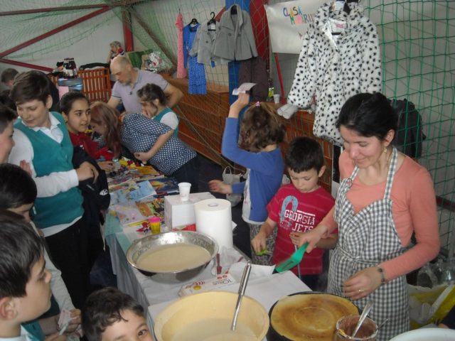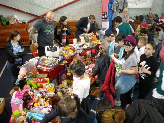 S-a vândut de la mere trase în zahăr, prăjituri, jucării, îmbrăcăminte și încălțăminte, cărți, tablouri, diverse jocuri etc. La unul din standuri am descoperit familia Ciofu, formată din bunic, tătic și o elevă din clasa inimoșilor.
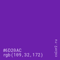 Цвет #6D20AC в цветовой модели RGB обозначается тремя октетами (109, 32, 172) в десятичном формате и #6D20AC в шестнадцатиричном (hex) формате, которые являются интенсивностью красного 109 (hex 6D), интенсивность зелёного 32 (hex 20) и интенсивность синего 172 (hex AC).
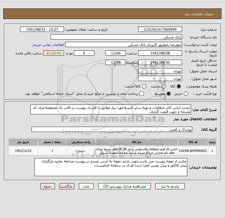 مناقصه خرید لباس فرم اداری
....................
## About this task
An exact retyping of the material, minus the pictures, is the required answer.

## Answer section
 S-a vândut de la mere trase în zahăr, prăjituri, jucării, îmbrăcăminte și încălțăminte, cărți, tablouri, diverse jocuri etc. La unul din standuri am descoperit familia Ciofu, formată din bunic, tătic și o elevă din clasa inimoșilor.
 Цвет #6D20AC в цветовой модели RGB обозначается тремя октетами (109, 32, 172) в десятичном формате и #6D20AC в шестнадцатиричном (hex) формате, которые являются интенсивностью красного 109 (hex 6D), интенсивность зелёного 32 (hex 20) и интенсивность синего 172 (hex AC).
 مناقصه خرید لباس فرم اداری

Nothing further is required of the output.